Vegan Falafel with Dill Cashew Cream

The best vegan falafel you've never had. 

Let me be perfectly straight with you guys. I love falafel. And I'm not just saying that. I really, really love it. Falafel (and all Mediterranean food) has to be my favorite type of food to eat... ever. It's vegetable-heavy, centered around plant-based protein, super flavorful, and all about the condiments. Any type of food that allows for a glorious spread of breads, sauces, hummus, salads, and fresh herbs, is a spread I want to be around.

I also love the communal aspect of Mediterranean food. It's super social. You gather around a table and share everything with everyone. Less isolating than the American way of eating, where each person is served a plate for themselves. 

I think the biggest reason I love falafel is because it is super hearty, spicy, flavorful, and full of fresh ingredients that I can easily pronounce or make myself. I love getting falafel when I go out to eat, so I figured it was about time to make one myself. These take a little bit of time, but don't be alarmed! Feel free to double the recipe and freeze some extra balls for those nights you come home late and want falafel fast.

Vegan Falafel with Dill Cashew Cream


  • 1 15 oz. can of chickpeas (or sprout them yourselves. Whatever you like!)

  • 1/3 cup fresh parsley

  • 1/3 cup fresh cilantro

  • 1 cup cooked brown rice

  • 1 tsp salt

  • 1 1/2 tsp cumin

  • 1 tsp black pepper, to taste

  • 4 cloves garlic, peeled and minced

  • 1 tbsp sesame seeds


  1. Preheat oven to 400 degrees F.

  2. Start by blending or processing the parsley, cilantro, garlic, chickpeas, salt, cumin, pepper, garlic, and sesame seeds together. Don't blend too much or it will turn into a hummus! You still want some clumps in there.

  3. Transfer to a large mixing bowl. Add in the brown rice.

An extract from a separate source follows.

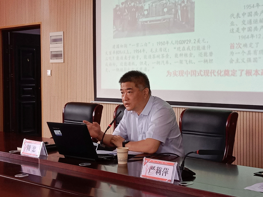 周忠围绕“中国式现代化的提出”“中国式现代化的核心要义”“新征程办好人民满意的教育”三个方面对中国式现代化进行了深度解读。他指出,新时代新征程中国共产党的使命任务就是中国式现代化的全面推进,学院全体教职工要坚守师范本色,锚定目标埋头苦干,立足岗位守正创新,凝心聚力艰苦奋斗,倾心育人不辱使命,在以中国式现代化全面推进中华民族伟大复兴进程中谱写更加绚丽的教育篇章。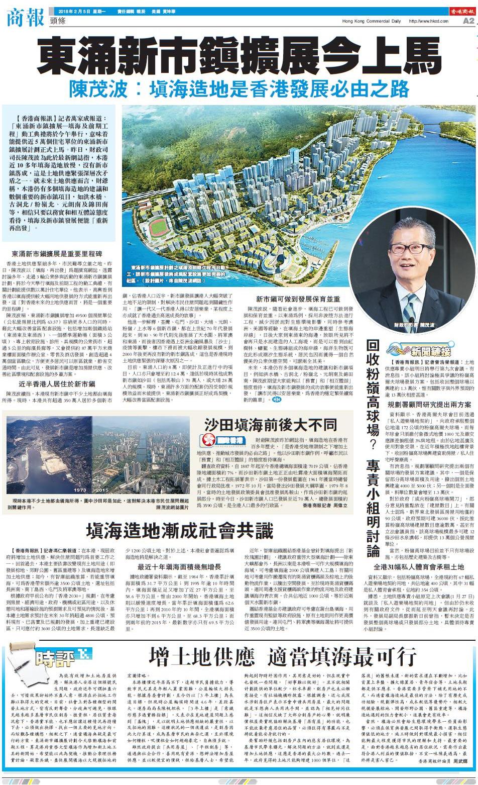 香港土地供應緊絀多年,市民難尋立錐之地。昨日,陳茂波以「填海,再出發」為題撰寫網誌,透露討論多年、走過3輪公眾參與活動的東涌新市鎮擴展計劃,將於今天舉行填海及前期工程的動工典禮,有關計劃能提供數以萬計住宅單位。他表示,高興看到香港以填海提供較大幅用地供發展的方式能重新再出發,這「對香港未來的土地供應而言,將是一個重要的里程碑」。

  4. Form into balls, 3" each.

  5. Place on a parchment lined baking tray, 2" apart.

  6. Flatten down the top with your finger. Sprinkle with sesame seeds!

  7. Bake for 30 minutes at 400 degrees F.

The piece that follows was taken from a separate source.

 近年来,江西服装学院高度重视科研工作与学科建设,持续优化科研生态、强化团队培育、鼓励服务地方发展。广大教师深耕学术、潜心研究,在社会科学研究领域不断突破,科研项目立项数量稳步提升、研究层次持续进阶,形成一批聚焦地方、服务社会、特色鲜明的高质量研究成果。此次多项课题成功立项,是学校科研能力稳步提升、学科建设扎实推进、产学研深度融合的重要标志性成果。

  8. Serve and enjoy alongside the cashew cream (recipe below!) Add to bowls with sweet potato, avocado, quinoa, broccoli sprouts and any fresh greens of your choice.

Cashew Cream 


  • 1 cup raw soaked unsalted cashews

  • 1/4 cup lemon juice

  • 1 tbsp olive oil

  • 1/4 cup fresh dill

  • 1/4 cup fresh oregano

  • 1 tbsp fresh mint

  • 1 tbsp fresh rosemary


  1. Add all of your ingredients to a blender.

  2. Blend on high until smooth, about 1 or 2 minutes. Store in a mason jar in the fridge for up to 1 week. Great sauce for dipping fresh vegetables into, add to your buddha bowls, as a dressing, get creative!